Anyway, thank you for doing this @ffarhour . Good job! Looking forward to seeing the final version of this and trying it out on some of our performance characterization works!
@yzhwang check your python-pandas version for the to_dict call. I've got 0.18 on my machine, which appears to work.
Thanks @jowens ! After I upgraded pandas on luigi, it could run. But it took me longer than I expect to finally get the result since I had to go through a lot of efforts to install node.js, d3 and vega-lite. @ffarhour I think you should imply these as dependencies for running gunrock.io. Also, as @jowens said, the output is a json file, which as a user who never tried vega-lite before as me, I don't know how to visualize it. So probably make the output as a vector graph in pdf or svg format?

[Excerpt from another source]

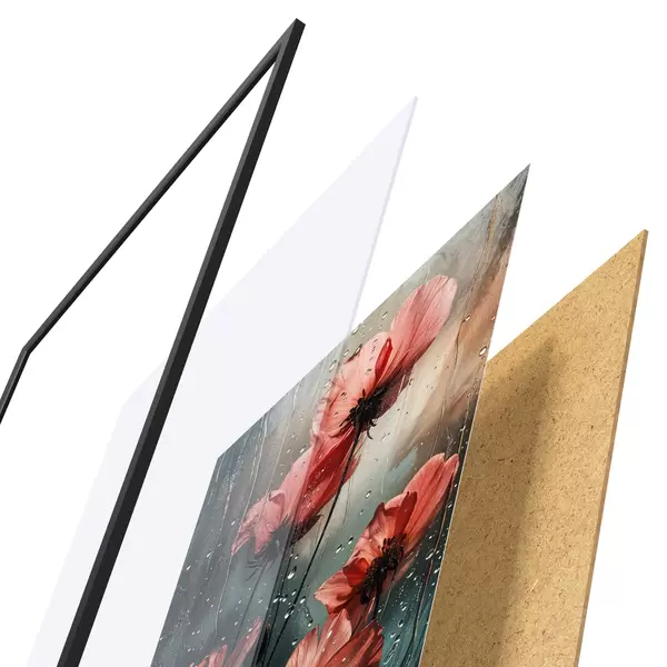 Plakāts sastāv no rāmja, pleksstikla, iespiestā attēla un skaidu plātnes pamatnes. Plakātu var uzreiz piekarināt pie sienas, pateicoties aizmugurē esošajiem stiprinājumiem.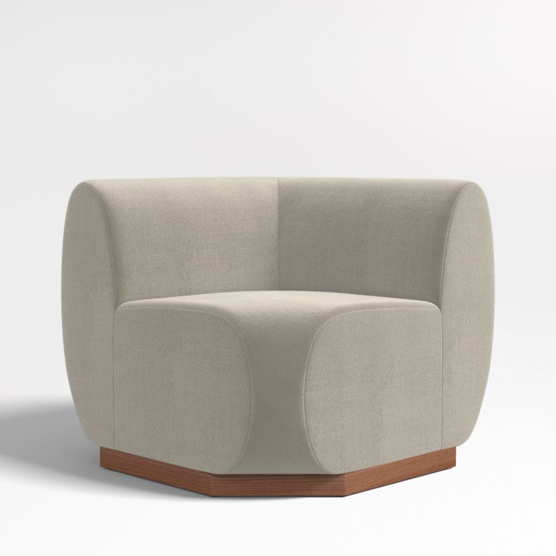 The best seat in the house, now with a squared corner. Leandro brings home the luxe feel of VIP fine dining with its soft faux-mohair upholstery in light tan. Waterfall curves give the banquette's tight seat and back a graceful look, while oversized cushions dominate the design and anchor your dining room or kitchen with contemporary style. Supportive foam cushioning holds its shape for many dinner parties to come, wrapped in soft fiber for comfort. Combine the corner banquette with the Leandro single and bench banquettes for a custom arrangement to suit your space.

Agreed on listing the dependencies.
I think the best thing the script should do to visualize the output is also to output an html file that wraps the JSON file (as my old script did). @yzhwang in the meantime you can paste the JSON into the vega-lite editor (that's what I did).
Hi all. Sorry for the late reply, I think I'm coming down with a cold. Anyways, thanks for the comments. I will work on these and report back soon. @yzhwang at the moment the code doesn't support the heatmap, but I'll integrate it once I fix everything else. @jowens @yzhwang what's the best way to list dependencies? I know that I can use setuptools' "install_requires", but I'm not sure if that will be helpful for non-python packages such as nodejs. Also, do you think it would be worth having a function to automatically generate the png files using vega-lite?
Just put the list of dependences in the readme (and maybe in the usage() call in the script).
I think generating a PDF is much more useful than a PNG, so I would be in favor of PDF output.
Thanks :) Of course, PDF would be much better, will look into that.
I've fixed most of the things you asked. I am planning to focus on adding more plot types next. Changes made:
run
function implemented to do the read, parse, write automatically, without the need for user interferenceOnce I have more implemented more plot types I will submit another pull request
Great! Looking forward to reading it. These are all good improvements.
This is my work so far (mostly done in the past week). @jowens @yzhwang @huanzhang12 I wanted to get some feedback on the quality of my code, and any suggestions on how to improve.
The main file to look at is json2vega.py which takes in json outputs in a specific folder and spits out a graph based on your preferences.
Right now I haven't finished the commandline arguments, but have hardcoded a test in the main function.
Summary of what the code does and how it is structured:
Thanks in advance for your feedback!